Directed by: Sang-soo Hong.
Written by: Sang-soo Hong.
Starring: Jun-Sang Yu (Sungjoon), Sang Jung Kim (Youngho), Seon-mi Song (Boram), Bo-kyung Kim (Kyungjin / Yejeon).
Sang-soo
Hong’s The Day He Arrives is a quietly moving film. In many ways, I suppose, it
is autobiographical. It is about a filmmaker Sungjoon who returns to Seoul for
a few days visit from his teaching post in the country. He directed four films,
but apparently no one saw them, so he has taken up teaching. He has no plans
while in the city except to visit his old friend Youngho, a movie critic. But
he spends the first night alone, not being to get in contact with his old
friend, and instead going drinking with a group of film students before
confusing them by taking off on them. He then visits an old girlfriend, and
begs forgiveness.
Finally,
he will meet up with Youngho, and the rest of the movie plays like variations
on a theme. In each, Sungjoon and Youngho go to a bar with Youngho’s attractive
female friend Boram, a film professor, where they spend their time drinking
while the owner is away. Eventually, the owner Yejeon, comes back – and
Sungjoon is struck by how much she looks like that old girlfriend (since they
are both played by the same actress, he’s right). But what happens in each of
these variations changes slightly. They have similar discussions, but they take
on different meanings as one character will say or do something different.

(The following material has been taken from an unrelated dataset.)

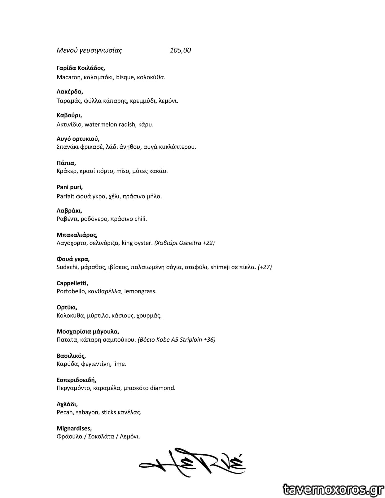 - Έχει μόνο ένα degustation menu με 15+1 στάδια. Δεν έχει α λα καρτ.
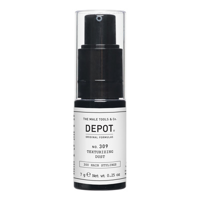 Depot 309 Texturising Dust er et hårpudder for menn. Hårpudderet gir maksimal fylde til håret og er spesielt godt egnet til fint og tynt hår. Det inneholder kiselpulver som bidrar til å gi håret tekstur og volum. Hårpudderet leveres med en pumpe som gjør det enkelt å dosere riktig mengde.

Twice they will meet up with a former actor of Sungjoon’s – once he is angry
with Sungjoon for abandoning him for a bigger star after their first movie, and
one time he is a lovable, drunken oaf. In all of them, Boram seems to be
attracted to Sungjoon, even though he thinks she should be with Youngho, and
she flirts with him, oblivious to the fact that he is more drawn to the
bartender. And the way Sungjoon expresses that attraction to the bartender –
and the results – is also different each time.
The
movie is both funny and sad. As with other films of Sang-soo Hong that I have
seen (and I feel I should see more), the film is made up of a series of scenes
where the characters drink and talk – and then go somewhere else to drink and
talk some more. The film is shot in beautiful black and white, which gives an
element of sadness to the proceedings. Sungjun seems lost and aimless. He has
nowhere to go – either in Seoul or in his life – so he just keeps repeating his
day ad nausea. The film students recall what he once was – young and idealistic
– and while its fun to look back at that for a while, eventually he must flee.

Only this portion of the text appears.